Buckeye Lake here in Central Ohio has the blue green colored water, there was an advisory out briefly on it. Last year was real bad for inland lakes, GL St. Mary's, Buckeye, Dillon and Piedmont all had warnings at one point, GLSM was by far the worst.

I know they point the finger at Farming, non binding Phosphorus specifically, but there are an awful lot of lawns being fertilized as well. Of all the lakes mentioned, residentual runoff could be a possible partial culprit except for Piedmont, it's is in rural SE Ohio.
I can only hope they get it figured out quickly, for the future enjoyment of all.


----------



## rod bender bob (May 19, 2004)

BIG JOHNSON said:


> That (DEAD ZONE) will be an alive zone...just give it a couple weeks.

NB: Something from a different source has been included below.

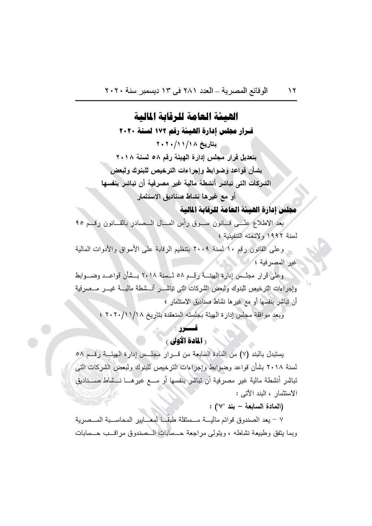 القرار رقم 172 لسنة 2020، بتعديل قرار مجلس إدارة الهيئة رقم 58 لسنة 2018، بشأن قواعد وضوابط وإجراءات الترخيص للبنوك ولبعض الشركات التي تباشر أنشطة مالية غير مصرفية أن تباشر بنفسها أو مع غيرها نشاط صناديق الاستثمار.
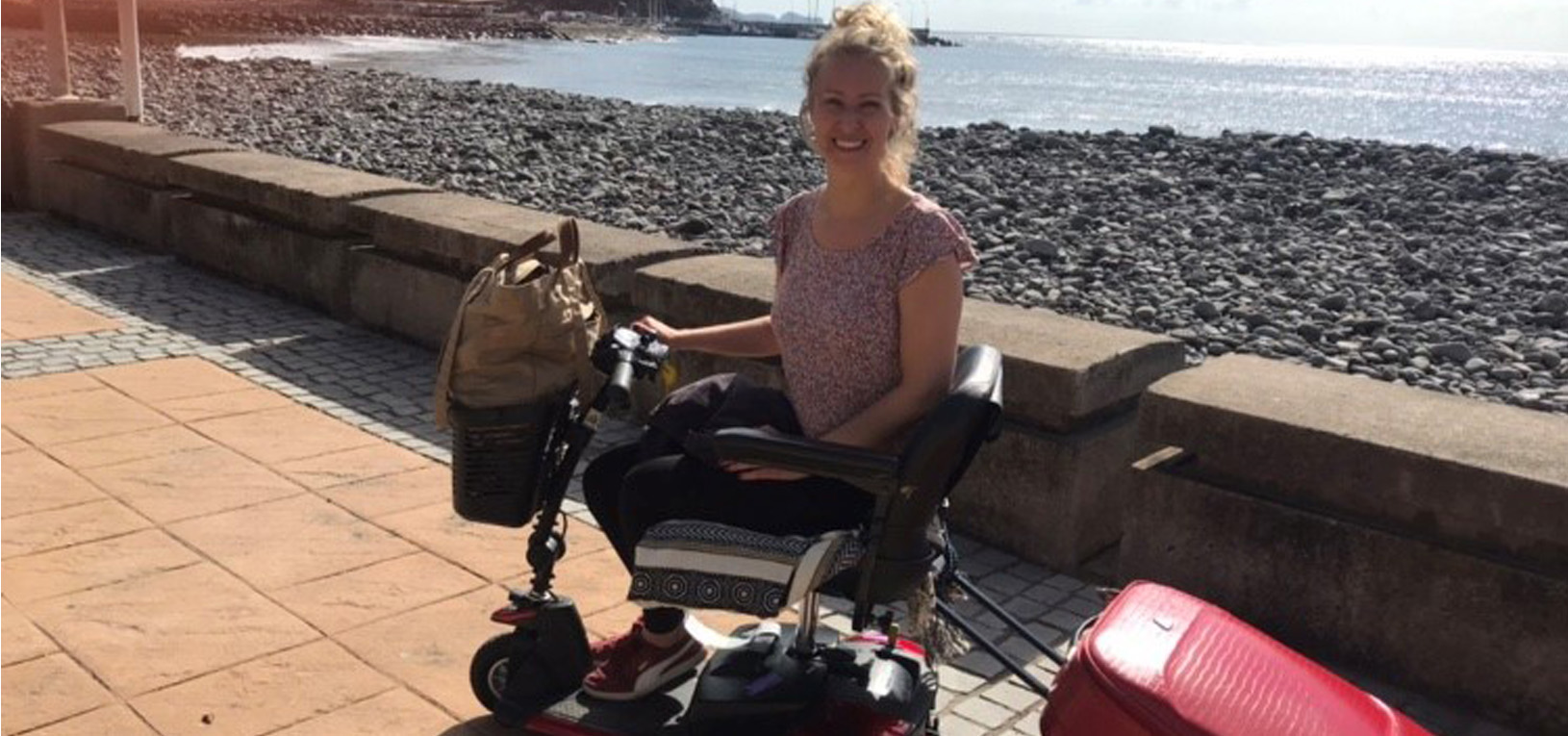 Ik zie een uitgestrekt goudgeel zandstrand. Rotsen en kliffen in de verte. De eindeloos lijkende glinsterende zee. De hemel staat strak blauw. En de zon geeft een heerlijke temperatuur van 22 graden. Parasols met palmbladeren wapperen mee in de zachte lucht. Het meest fantastische van alles, op dit magische strand van Porto Santa (Portugal), ben ik (bijna) helemaal alleen. Rust, stilte, de zee, het strand en ik. Sinds jaren ben ik alleen op vakantie. Koffer met een spin achter mijn karretje gebonden, hop alles is mogelijk. Een weekje bijtanken. Het mindervalide raken, samenwonen, moeder worden, verhuizen, eist zijn tol. Ik boek een vakantie waarbij ik helemaal in de watten word gelegd. Vier massages per dag. Een spa met verwarmde baden waar mijn spieren kunnen ontspannen. Maar gek genoeg is dat niet hetgeen waardoor ik tot rust kom. Op dat moment realiseer ik mij dat ontspanning er nu anders uitziet dan voorheen. Ik ben zo blij als een kind als ik mijn hotelkamer inrijdt. Alles is ruim opgezet en op de juiste hoogte. Zelfs het ligbad kan ik vanuit mijn scootmobiel zo instappen. Het restaurant is heel toegankelijk en ik hoef even niet te denken aan de boodschappen, luiers, fruithapjes, brood of melk. Vóór mijn wenken word ik al bediend. Vanuit mijn kamer in het hotel gaat de lift naar de kelder, waarbij er grote en brede gangen zijn aangelegd onder het hotel door. De tunnels leiden direct naar het strand, zwembad of de spa. Zonder een drukke weg over te steken met drempels en hoge stoepranden kom ik overal. Zelfs op het strand zijn speciale rolstoelen. Ik hoef maar naar Gustav te roepen en enthousiast kletsend rijdt hij mij naar het water. Ik kan even los zijn. En mijn eigen weg gaan.

Where do u guys get this crap - the dead zone is growing every year. Do a little research, it really doesn't hurt, honest. Or sit around and blame the media and when it's too late blame someone else....
Yeah CB nailed it - he doesn't see the algae down east so it's not really a problem. Where do you think the majority of Erie eyes spawn????? Ask some scientists who don't work for the gov't if it scares them. Talk to some commercial guys who worked the lake in the 60s when the algae and pollution were at their peak.


----------



## CarpetBagger (Sep 21, 2009)

You cannot pump posion into this lake and expect it to be ok....

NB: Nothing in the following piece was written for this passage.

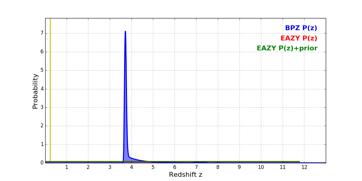 In P(z) plots: Yellow lines mark the cluster redshift z = 0.228,

Bob I wasnt trying to nail anything...Fact that I am out East and dont have to deal with the algea problem doesnt mean I am not worried...I just feel as long as the fish were there and everyone was pounding out limits all these other problems were so out of sight and out of mind....However when we start struggling to limit in 2 hours all of a sudden the lake is dying...

Geneva Ohio was infamous for the "Dead Zone" in the years prior to the 03 hatch...All we heard about was the runoff, and algea , then when everyone started catching fish again all you read were positives on the fishing and how wonderful Lake Erie was...You never heard another thing again...Till now...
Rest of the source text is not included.